[Data excerpts]

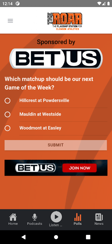 Lihat aplikasi baru untuk The Roar FM, stasiun radio olahraga lokal utama di negara bagian Carolina Selatan. Sebagai stasiun unggulan untuk Clemson Athletics, WCCP FM disiarkan langsung dan lokal setiap hari kerja dari pukul 06:00 hingga 19:00.
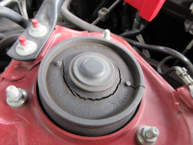 純正のアッパーマウントは、こんな感じに傷んでますね要交換です。
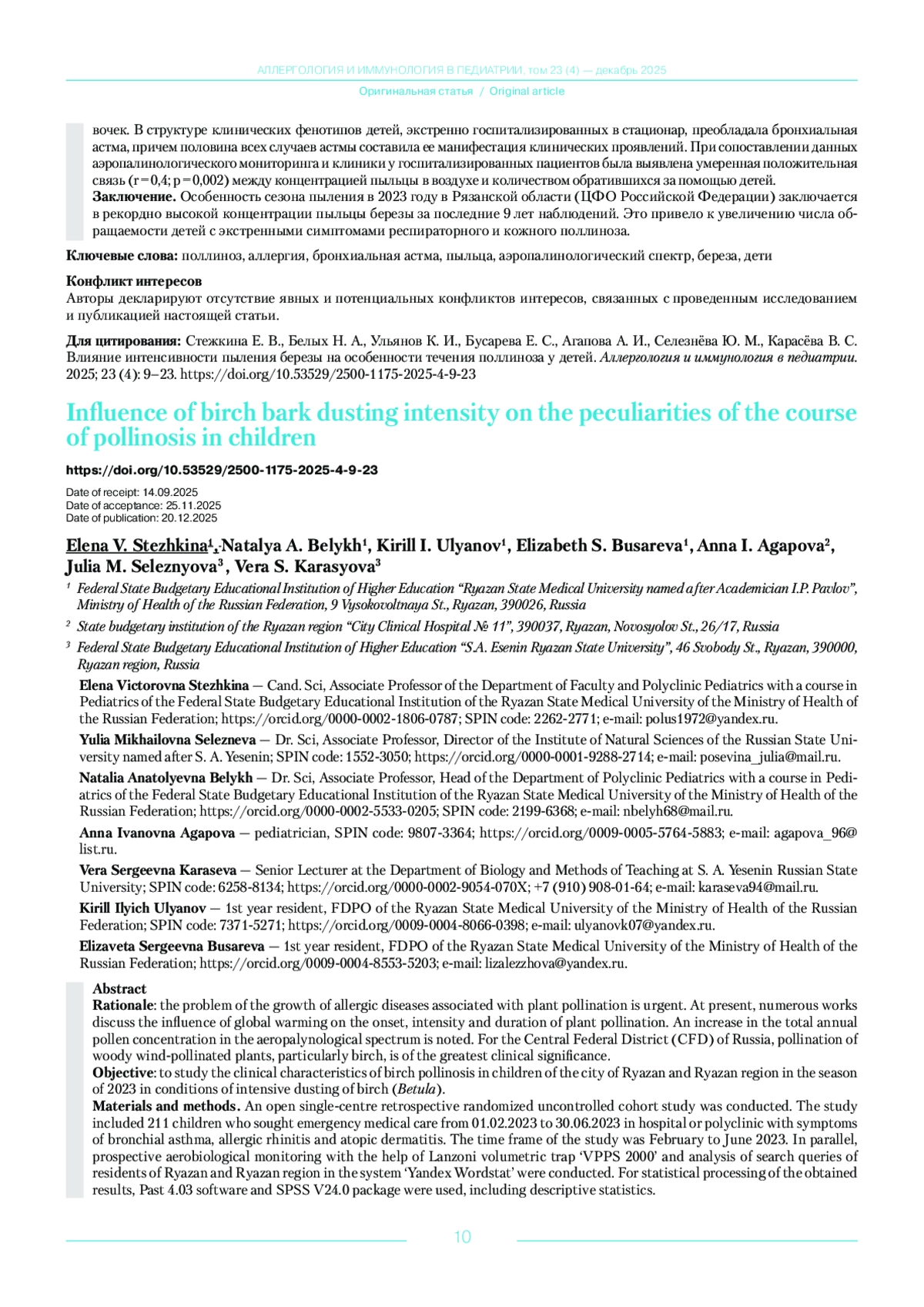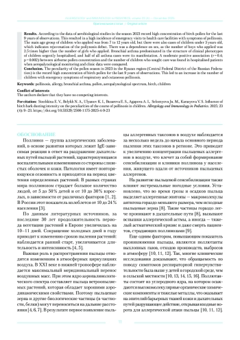 Заключение. Особенность сезона пыления в 2023 году в Рязанской области (ЦФО Российской Федерации) заключается в рекордно высокой концентрации пыльцы березы за последние 9 лет наблюдений. Это привело к увеличению числа обращаемости детей с экстренными симптомами респираторного и кожного поллиноза.
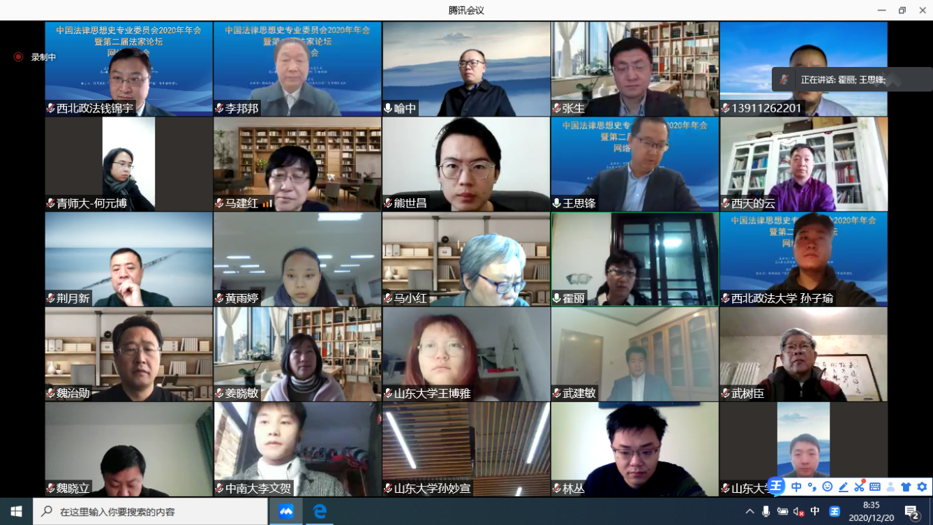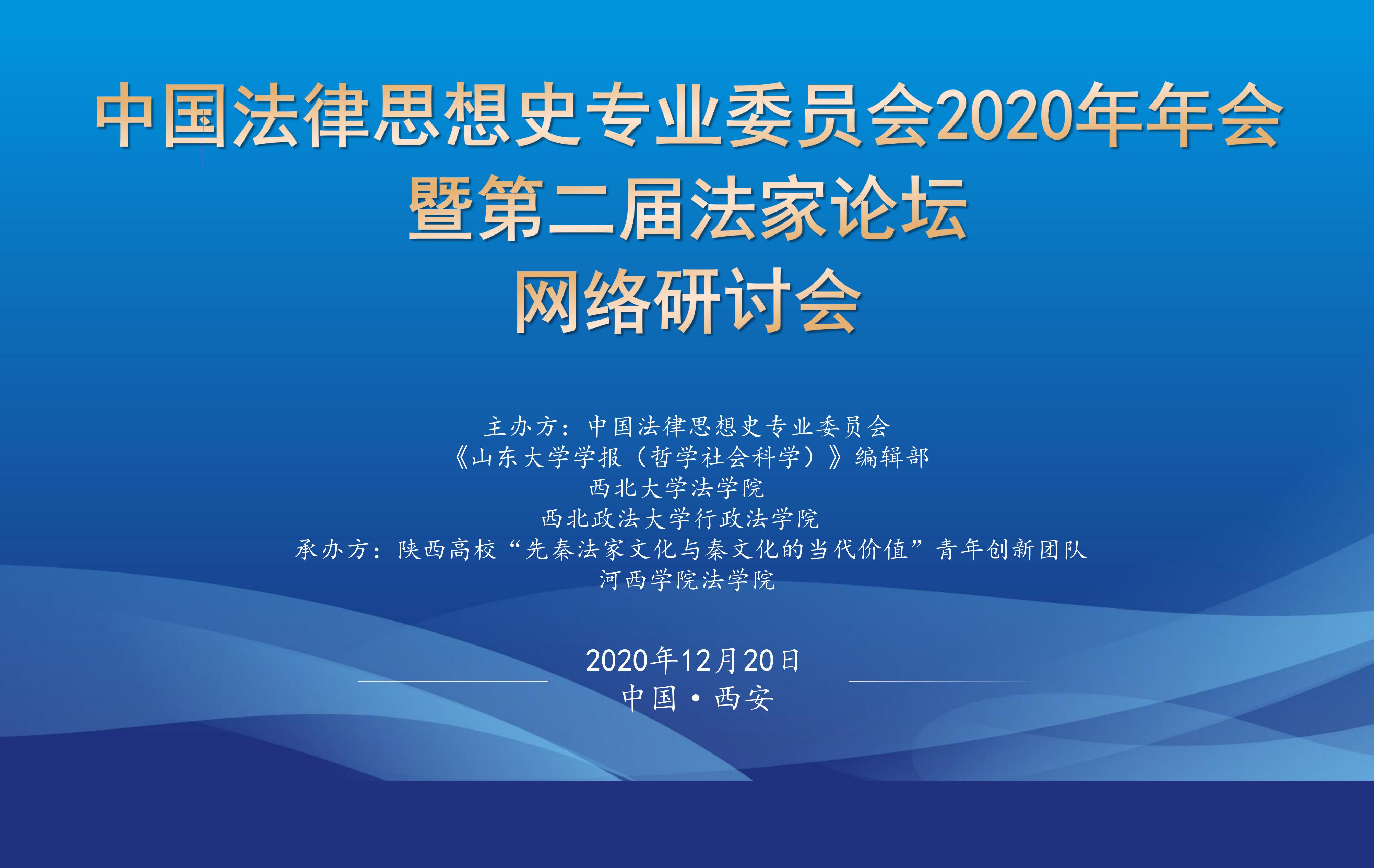 中国法律思想史专业委员会、《山东大学学报(哲学社会科学)》编辑部、242net必赢官方、西北政法大学行政242net必赢主办,陕西高校先秦法家思想与秦文化的当代价值青年创新团队河西学院242net必赢承办的中国法律思想史专业委员会2020年年会暨第二届法家论坛网络研讨会1220日在线上召开。来自中国社会科学院法学研究所、清华大学、中国人民大学、山东大学、中国政法大学、北京师范大学、中南财经政法大学、青岛科技大学、沈阳师范大学、山东师范大学、杭州师范大学、青海师范大学、中共广东省委党校、西北工业大学、西北农林科技大学、商务印书馆、242net必赢太阳能、西北政法大学、河西学院等高校和出版机构90余位专家学者参加了本次会议,围绕先秦法家文本与思想、法家流派、先秦法家思想的当代价值等议题进行了深入探讨。
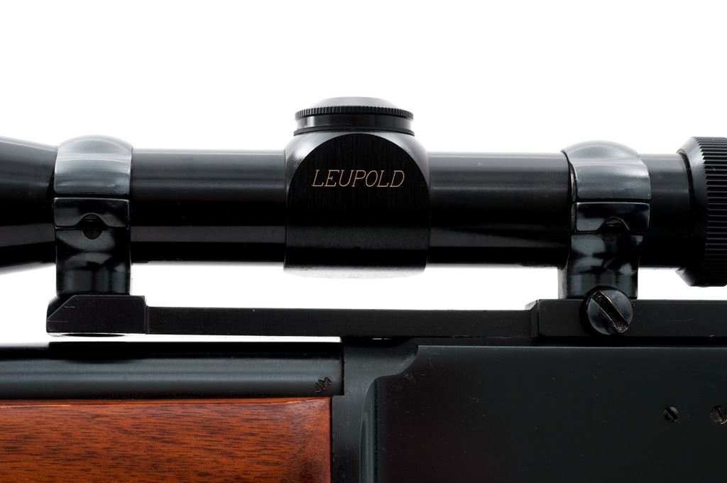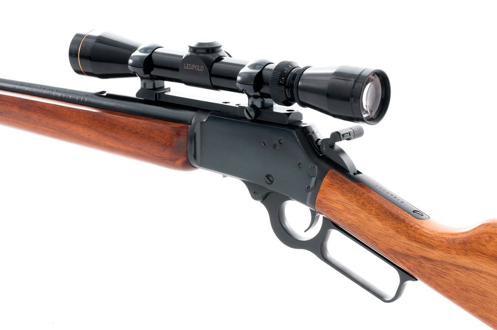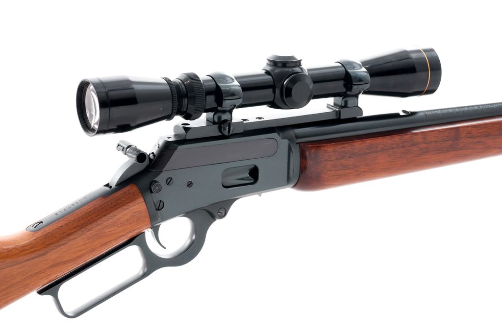 Marlin Model 1894S Lever Action Rifle, with Leupold scope, #10007713, .44 Rem. mag. & .44 Spec. cal., 20'' round ''JM'' marked barrel, blue finish, straight grip walnut stock, brown rubber Marlin buttplate, hooded brass bead front sight, rear sight has been removed, with checkered hammer extension. Topped with a Leupold Vari-X II 2x7 scope with duplex reticle. Rifle is in fine overall condition with approx. 98%+ original blue; right side of receiver with scattered light scratching. Factory lettering is sharp. Wood is relatively smooth with intermittent slight handling marks, predominantly on the forend; buttstock is a little lighter in color than the forend. Lever, hammer, and trigger all operate smoothly; bore is near excellent. Scope with clear optics. Est.: $500-$800. (Modern)

* [EXERCISE PROMPT]:
From the first line of the entries down to the line with "純正のアッパーマウントは、こんな感じに傷んでますね要交換です。", print each line exactly; omit any picture.

* [YOUR SOLUTION]:
 Lihat aplikasi baru untuk The Roar FM, stasiun radio olahraga lokal utama di negara bagian Carolina Selatan. Sebagai stasiun unggulan untuk Clemson Athletics, WCCP FM disiarkan langsung dan lokal setiap hari kerja dari pukul 06:00 hingga 19:00.
 純正のアッパーマウントは、こんな感じに傷んでますね要交換です。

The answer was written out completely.